A solution using only basic geometry and inequality concepts: Now notice that $a^2+b^2+c^2\geq4S \sqrt{3} \iff a^2+b^2+c^2\geq \sqrt{48S^2}$. By the Heron Formula we have $S=\sqrt{p(p-a)(p-b)(p-c)}$ where $p=\frac{a+b+c}{2}$. $S^2=p(p-a)(p-b)(p-c)$ $S^2=(\frac{a+b+c}{2})(\frac{b+c-a}{2})(\frac{a+c-b}{2})(\frac{a+b-c}{2})$ $16S^2=[(b+c+a)(b+c-a)(a+c-b)(a-(c-b)]$ $48S^2=3[(b+c)^2-a^2)(a^2-(b-c)^2]$ $\sqrt{48S^2}=\sqrt{3[(b+c)^2-a^2)(a^2-(b-c)^2]}$ With this we have that $a^2+b^2+c^2\geq\sqrt{48S^2} \implies a^2+b^2+c^2\geq\sqrt{3[(b+c)^2-a^2)(a^2-(b-c)^2]}$ $a^2+b^2+c^2\geq\sqrt{3[(b+c)^2-a^2)(a^2-(b-c)^2]} \iff$ $(a^2+b^2+c^2)^2\geq3[(b+c)^2-a^2)(a^2-(b-c)^2] \iff$ $(a^2+b^2+c^2)^2\geq3[(b+c)(b-c)]^2+[(b+c)a]^2-a^4+[(a(b-c)^2)] \iff$ $(a^2+b^2+c^2)^2\geq3[(b^2-c^2)^2+(ab+ac)^2-a^4+(ab-ac)^2] \iff$ $(a^2+b^2+c^2)^2\geq3(b^4+c^4-2b^2c^2+a^2b^2+a^2c^2+2a^2bc-a^4+a^2b^2+a^2c^2-2a^2bc)\iff$ $(a^2+b^2+c^2)^2\geq3b^4+3c^4-6b^2c^2+6b^2c^2+6a^2c^2-3a^4 \iff$ $2b^4+2c^4-8b^2c^2+4a^2b^2+4a^2c^2-4a^4\le0 \iff$ $b^4+c^4-2b^2c^2-2b^2c^2+2a^2c^2-2a^4\le0 \iff$ $(b^2-c^2)^2+2[(-a^2(a^2-b^2)+c^2(a^2-b^2)]\le0 \iff$ $(b^2-c^2)^2+2(a^2+b^2)(c^2-a^2)\le0.$ Note that this inequality is symmetric in $a,b,c$ so if we let $a$ be the greater side of the triangle we'll have that $c^2-a^2<0 \implies 2(a^2-b^2)(c^2-a^2)\le0$ but $(b^2-c^2)^2\geq0$ . Therefore we have that $(b^2-c^2)^2+2(a^2+b^2)(c^2-a^2)\le0. \iff$ $b^2-c^2\le a^2-b^2 \iff a^2+c^2\geq 2b^2$ and this is true because since they're sides of a triangle then $a+c>b$ $\implies a^2+c^2>b^2$ so $a^2+c^2\geq 2b^2$ and this finishes the first part. Equality holds iff $(b^2-c^2)^2+2(a^2+b^2)(c^2-a^2)=0$ in other words when $b^2=c^2, a^2=b^2$ or $b^2=c^2, c^2=a^2$ but in both cases we get $a=b=c$, an equilateral triangle. $\square$.

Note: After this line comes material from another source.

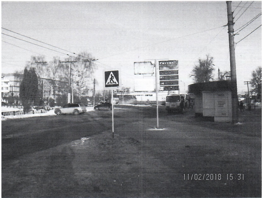
Схема установки рекламной конструкции расположенной по адресу: г. Дзержинск, Нижегородская обл., Привокзальная площадь, в районе д.1

Фотофиксация рекламной конструкции расположенной по адресу: г. Дзержинск, Нижегородская обл., Привокзальная площадь , в районе д.1

If the triangle is not scalene, assume WLOG that $AB \neq AC$. We can decrease the LHS while fixing the RHS by replacing $A$ with the point $A'$ s.t. $A'B=A'C$ and $\overline{AA'} \parallel \overline{BC}$. Now, it suffices to check the inequality when the triangle is equilateral, in which case it is obviously true.